Studio album by Sharon O'Neill
- Released: 12 February 1979
- Genre: Pop; pop rock;
- Label: CBS New Zealand

Sharon O'Neill chronology
|  | This Heart This Song (1979) | Sharon O'Neill (1980) |

Singles from This Heart This Song
- "Luck's on Your Table" Released: September 1978;

= This Heart This Song =

This Heart This Song is the debut studio album by New Zealand singer and songwriter Sharon O'Neill. This Heart This Song debuted and peaked at No. 12 in New Zealand in February 1979.

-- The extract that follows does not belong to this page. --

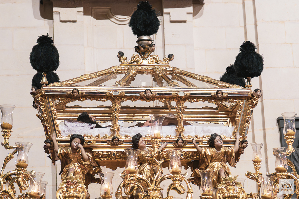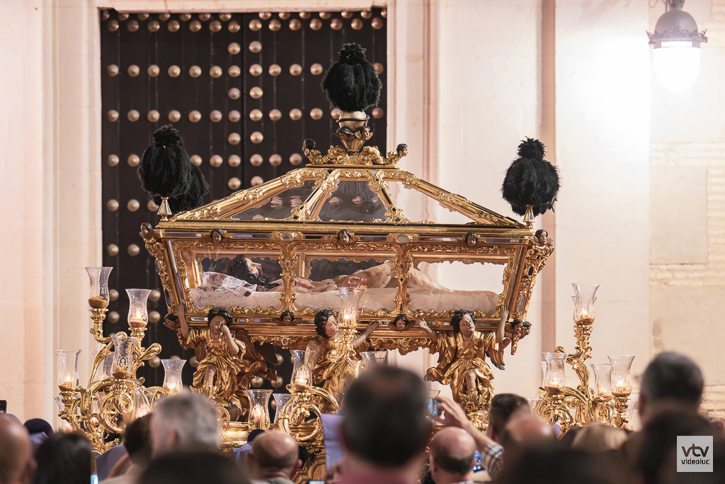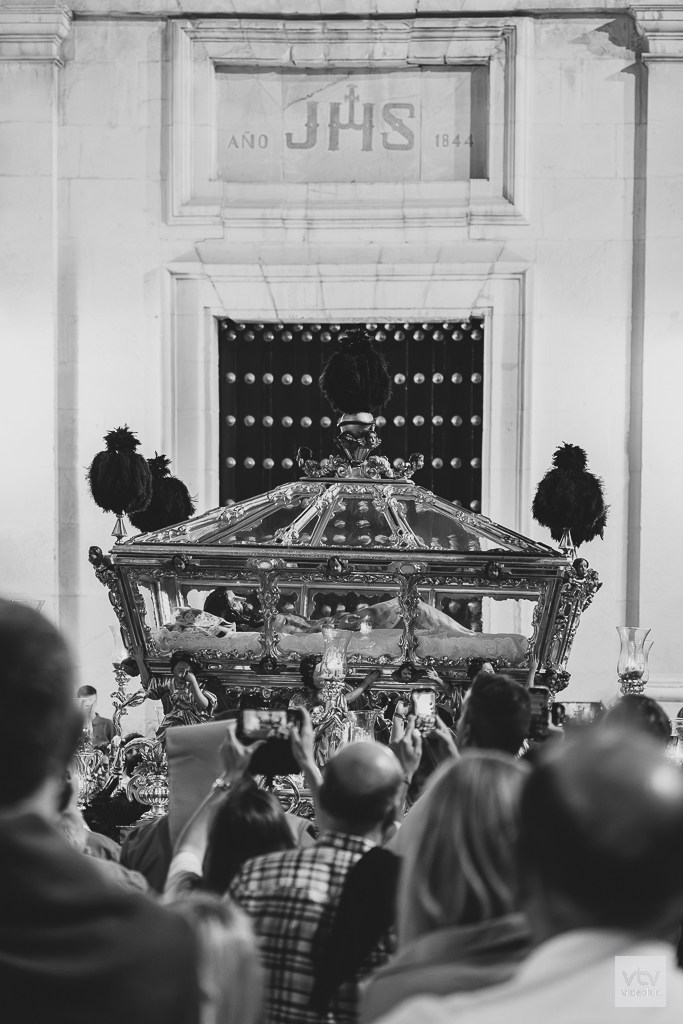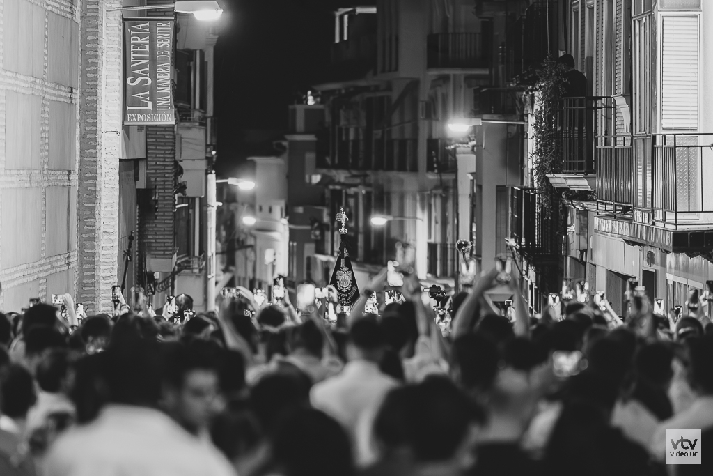 Estampas históricas de Jesús y del Santo Entierro, juntos, subiendo la calle Curados y entrando en el Llanete de la Capilla para, también de manera extraordinaria, entrar en San Pedro Mártir y no en la Capilla como es habitual cada Viernes Santo.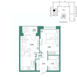 Продается 2комнатная квартира на 15 этаже от застройщика Страна Девелопмент. Площадь квартиры 36,48 кв. м.

==Background and release==
Sharon O'Neill was signed to CBS shortly after finishing third in a singing contest performing the song, "Luck's on Your Table". John McCready, the head of CBS Records in New Zealand said: "I thought she was just fantastic and was surprised that her wonderful song and performance only got her only 3rd place. I was sure I had come across an artist who would be worth signing as our CBS New Zealand’s first local artist." McCready discovered Dick La Forte, a Radio New Zealand music producer had completed an album with Sharon, adding "I negotiated an agreement with all concerned parties to release the album on CBS." "Luck's on Your Table" was released in New Zealand in September 1978 and peaked at number 27.

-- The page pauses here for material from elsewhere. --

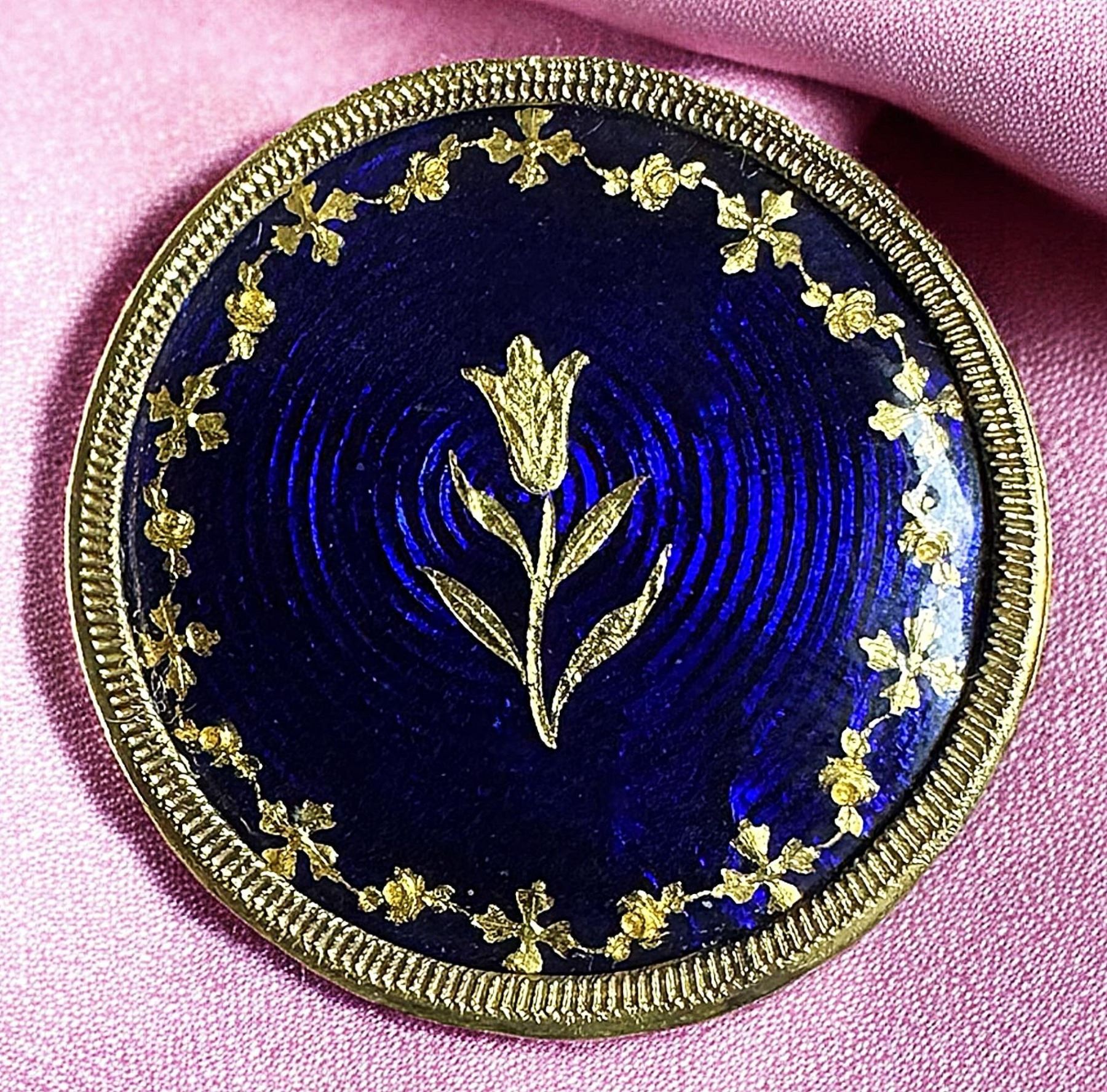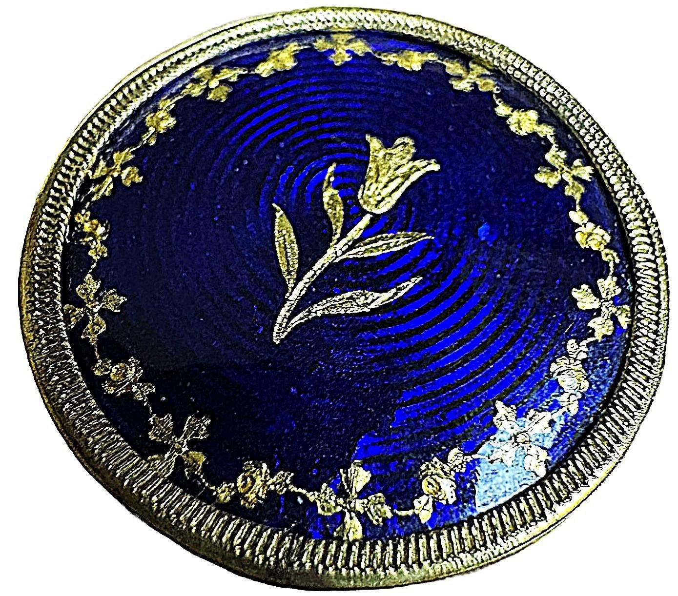 1 Medium late 18th-Early 19th C. Guilloche pictorial example. Another stunning example of enamel craftsmanship comes this beautiful cobalt background Guilloche (engine Turned) design with a bright gold foil floral center and a garland border in gold foil to frame the central design. Truly stunning. Set in a ornate bored brass mounting and back. This medium size is a harder size to come by than larger examples. From the collection of the late Dorothy Peterson of Virginia and a member of the Martha Washington Button Club.

In 2001, O'Neill reflected: "I know for a fact that John was only interested in signing me because I had original material. That to me was fantastic. It was a bit scary when somebody of John's status said 'I really believe these songs are going to work and we are going to market these and they are going to happen for you'."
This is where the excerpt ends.